Quizá ha llegado la hora de empezar a bajar el suflé de las expectativas. Según los resultados de nuestro último ObserBAPtorio, la mayoría de la sociedad está decepcionada. ¿Estamos realmente tan mal? ¿O es que los umbrales de satisfacción han subido? Cuando conocí el dato, sentí tristeza. ¿Todo el esfuerzo, todo el trabajo de los últimos tiempos, para encontrarnos con una sociedad decepcionada? Me costó dormirme y cuando lo conseguí… tuve un sueño. Vinieron a mi mente extrañas imágenes.
La primera eran millones de niños en todo el mundo pidiendo el penúltimo de los inventos satánicos: el menú infantil (hubo un tiempo —sí, yo lo viví, os lo juro— en el que los niños elegían un plato y comían, quizá en menor cantidad, lo mismo que los mayores). ¿En qué momento se produjo esa mutación en la carta de los restaurantes? ¿Cuándo se extendió la conjura de que, si eres niño, solo comerás espaguetis, milanesa, croquetas o pizza? Ni idea. Pero aquello los condenó desde entonces a no probar ni un sabor nuevo, ni una textura nueva. Siempre fácil y predecible: satisfacción garantizada. Expectativas fijas y siempre cubiertas. En mi sueño (ya entonces pesadilla) los niños aprendían la enseñanza: no te adaptes al mundo, el mundo se adaptará a ti. Otra imagen: un enorme quiosco con el letrero «chuches sociales». Debajo del cartel, una foto de lo que parecía ser una invasión de columpios. Columpios por todos los lados, como representación de una preocupación suprema: que ningún niño se aburra. Parques llenos de estructuras encaminadas a que los pequeños supiesen a qué y dónde jugar. Y de vez en cuando, una sobredosis: cumpleaños en un parque de bolas. Niños enjaulados gritando enloquecidos mientras los padres toman un piscolabis. Todo para que la criatura ni se amuerme ni se aburra, no vaya a ser que invente algo.

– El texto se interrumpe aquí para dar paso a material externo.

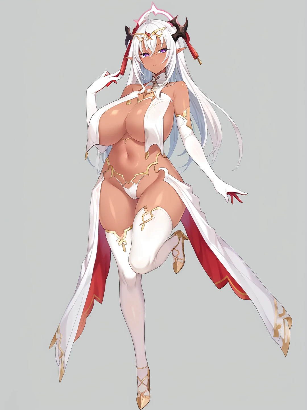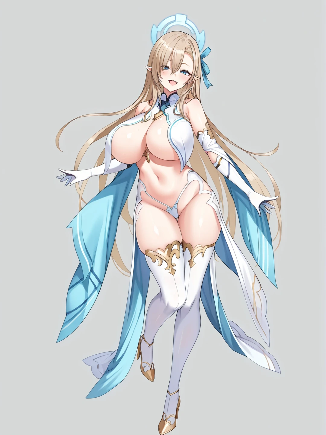 nella, breasts, looking at viewer, thighhighs, gloves, navel, cleavage, bare shoulders, elbow gloves, white gloves, high heels,revealing clothes, breast curtains

Pensé en mi sueño. ¿Podría realmente salir a dar un paseo y tomar un helado llegar a resultarles satisfactorio? Más imágenes: gente a las que le resultaba imposible no dar su opinión, abstenerse, callar... Personas caminando, mirando su propio ombligo, que levantaban la vista solo para ver cuerpazos en sus smart phones. De pronto, una voz, algo que todos repetíamos sin parar: «Para mí no es penalti». El subjetivismo elevado a norma imperativa kantiana. Nuestro punto de vista como algo infalible, alejado de la posibilidad de error. Sin embargo, sí sabíamos que a veces nos equivocábamos, que no sabíamos tanto como creíamos o decíamos, lo que nos producía melancolía y decepción. La última imagen: niños que compraban armas para jugar a videojuegos.
De repente desperté. Había llegado la hora de empezar a bajar el suflé de las expectativas y de recuperar la libertad de aburrirse, de decir «no sé», «no sabría qué decir». La obligación de politizarlo todo nos agota, nos genera un clima de tensión que termina en decepción… Con lo natural que era a mis veinte años decir «yo paso de política». Me tomé un café y me puse a escribir este artículo. Confirmado: es preferible reír que llorar.